Artigo: STF, análise econômica do direito e subsidiárias da Petrobras

Em recente webinário sobre Direito Constitucional, o presidente do STF, Ministro Luiz Fux, abordou “a evolução na escola do pensamento jurídico até a atual escola da análise econômica do direito”, ressaltou “nós estamos vivendo a era da análise econômica do direito, que procura dar respostas eficientes à sociedade pela necessidade de prestar contas” e, a título de exemplo da aplicação Law and Economics, o julgamento a respeito de vendas de subsidiárias da Petrobras, votada recentemente no Plenário do Supremo, foi utilizado como um caso emblemático nesse sentido, pois o dinheiro resultante das aquisições será investido em saneamento básico – grande responsável por problemas de saúde da população de baixa renda – e a empresa vencedora assumiria as dívidas da estatal” (trechos extraídos de http://www.stf.jus.br/portal/cms/verNoticiaDetalhe.asp?idConteudo=453505).

No julgamento no início de outubro de 2020, por maioria (6 votos a 4), o STF indeferiu liminar em reclamação (RCL 42576), proposta, em agosto de 2020, pelas Mesas da Câmara de Deputados e do Senado Federal.

Conforme divulgado no portal do STF (http://portal.stf.jus.br/noticias/verNoticiaDetalhe.asp?idConteudo=452734&ori=1), o relator da RCL 42576, Ministro Edson Fachin, votou pelo deferimento, destacando “que, ao menos em juízo de cognição sumária, a criação da subsidiária não serve ‘ao estrito cumprimento de atividades de seu objeto social que integrem a indústria do petróleo’. Ao contrário. Serve apenas à venda dos ativos da empresa-mãe. Não se está afirmando que essa venda não seja possível, necessária ou desejável dentro do programa de desinvestimentos da empresa, mas que essa ação depende do necessário crivo do Congresso Nacional e procedimento licitatório”, bem como que “zelar pelos dos bens pertencentes à União e a disponibilidade destes é atribuição do Congresso Nacional, sendo obrigatória sua participação para sustar atos que exorbitem o poder regulamentar do Poder Executivo, nos termos dos arts. 48 e 49 da Constituição.”
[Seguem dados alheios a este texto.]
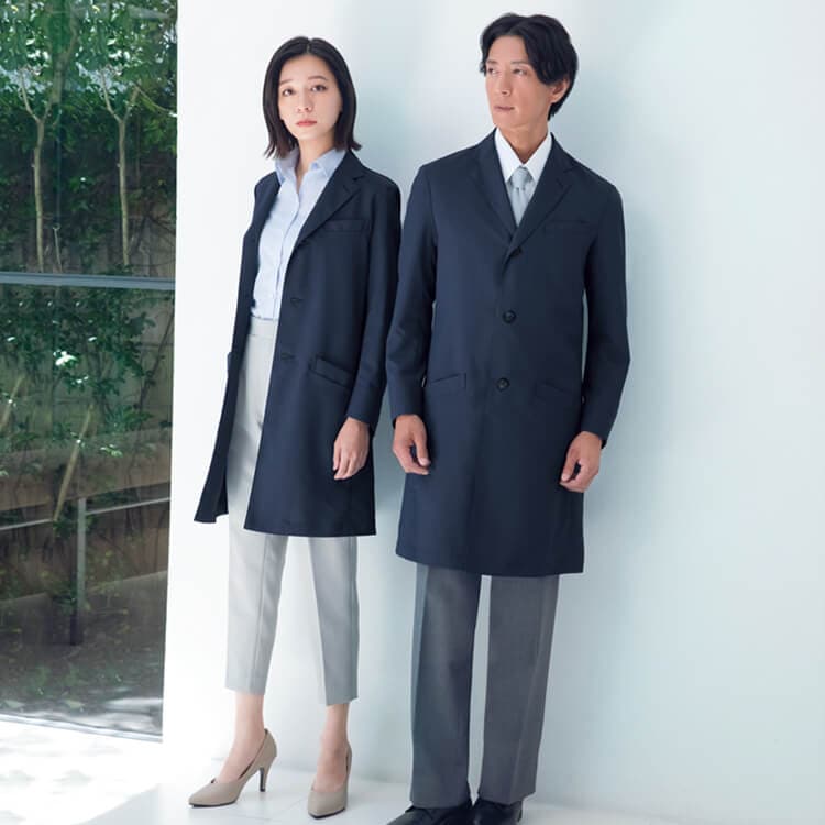 定番の白衣とは一線を画す、 洗練されたカラードクターコート。 清潔感と上品さを両立し、 医療現場に新しい印象。
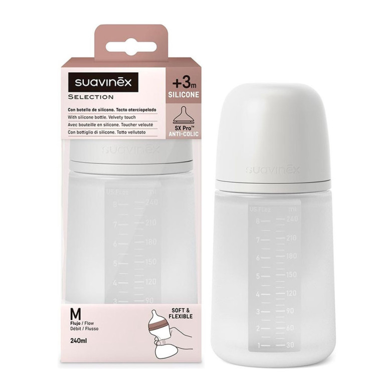 SUAVINEX BIBERON SILICONE +3M 240ML SOFT & FLEXIBLE BLANC
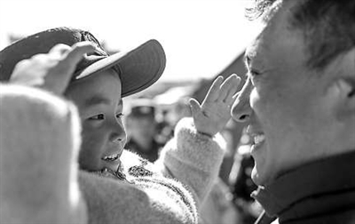 在定日縣長所鄉(xiāng)嘎布村,一個孩子戴上警察米瑪次仁的帽子敬禮(1月14日攝)。
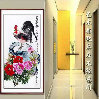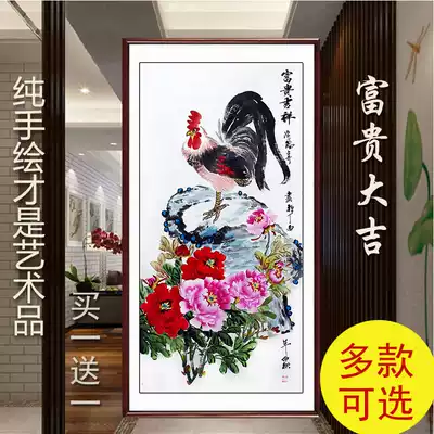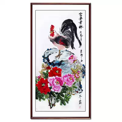 Chinese painting peony painting porch bedroom living room decoration characters hanging painting Luoyang flowers and birds hand-painted original original four feet Vertical
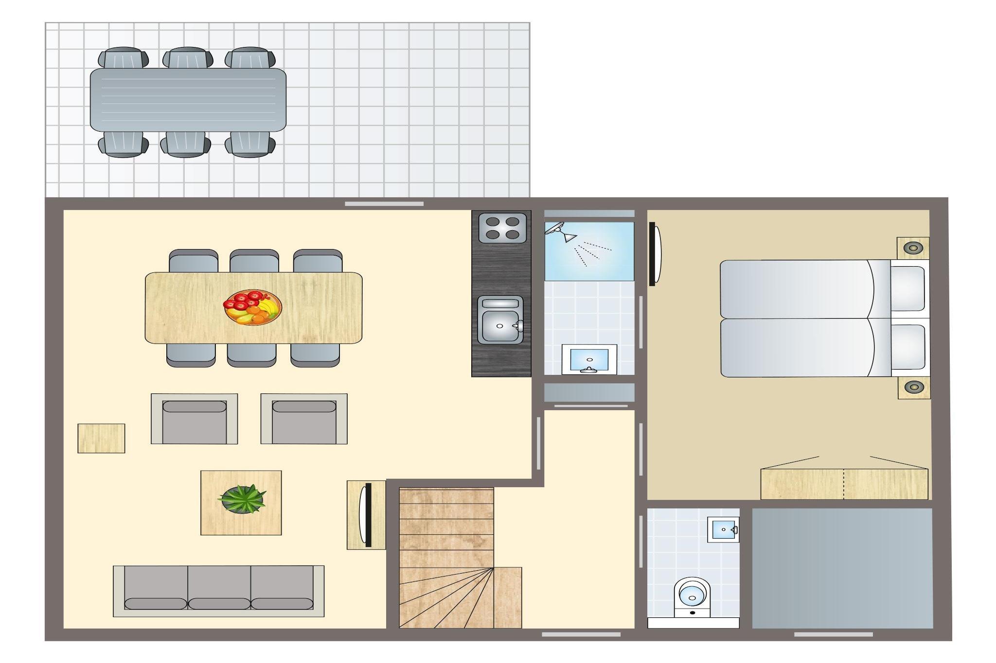 Stueetage: (entre(toilet), Stue(Fjernsyn), åbent køkken(elkedel, komfur(gas), kaffemaskine(kaffetragt, kaffepude), ovn, mikrobølgeovn, køle-fryseskab), Soveværelse med badeværelse(dobbeltseng eller 2 enkeltsenge Senge, Fjernsyn, bruser, håndvask), pulterkammer) På 1. etage: (soveværelse(dobbeltseng eller 2 enkeltsenge Senge), soveværelse(dobbeltseng eller 2 enkeltsenge Senge), badeværelse(badekar med bruser, håndvask, toilet), Repos) terrasse, have, havemøbler, swimmingpool(deles med andre gæster, overdækket)

Iniciando a divergência que foi acompanhada pelos Ministros Roberto Barroso, Luiz Fux, Dias Toffoli, Cármen Lúcia, Gilmar Mendes, o Ministro Alexandre de Moraes asseverou “não me parece que haja qualquer desrespeito à decisão do Plenário do STF, que, no julgamento da medida cautelar na ADI 5.624, decidiu que a alienação do controle acionário de empresas públicas e sociedades de economia mista exige autorização legislativa e licitação pública, mas a transferência do controle de subsidiárias e controladas não exige a anuência do Poder Legislativo e poderá ser operacionalizada sem processo de licitação pública, desde que garantida a competitividade entre os potenciais interessados e observados os princípios da administração pública constantes do art. 37 da Constituição da República.”

Em voto pelo deferimento da liminar, o Ministro Ricardo Lewandowski transcreveu excerto do artigo “Soberania nacional e ativos estratégicos” que publicou em 27 de junho de 2018 na Folha de São Paulo: “Internacionalizar ou privatizar ativos estratégicos não se reduz apenas a uma mera opção governamental, de caráter contingente, ditada por escolhas circunstanciais de ordem pragmática. Constitui uma decisão que se projeta no tempo, configurado verdadeira política de Estado, a qual, por isso mesmo, deve ser precedida de muita reflexão e amplo debate, pois suas consequências em o condão de afetar o bem estar de gerações presentes e até a própria sobrevivência das vindouras”.

Ainda que se constatem os efeitos da Law and Economics no STF e que esse recente indeferimento de liminar tenha sido divulgado como garantidor de um ambiente de negócios aos investidores pautado na segurança jurídica, na solução de hard cases, emerge a Carta Magna em seu todo e, a título de exemplo, a ordem econômica constitucional brasileira, fundada “na valorização do trabalho humano e na livre iniciativa” que “tem por fim assegurar a todos existência digna, conforme os ditames da justiça social” consagra, ao mesmo tempo, os princípios da soberania nacional, propriedade privada, função social da propriedade, livre concorrência, defesa do consumidor, defesa do meio ambiente, redução das desigualdades regionais e sociais, busca do pleno emprego, tratamento favorecido para as empresas brasileiras de capital nacional de pequeno porte.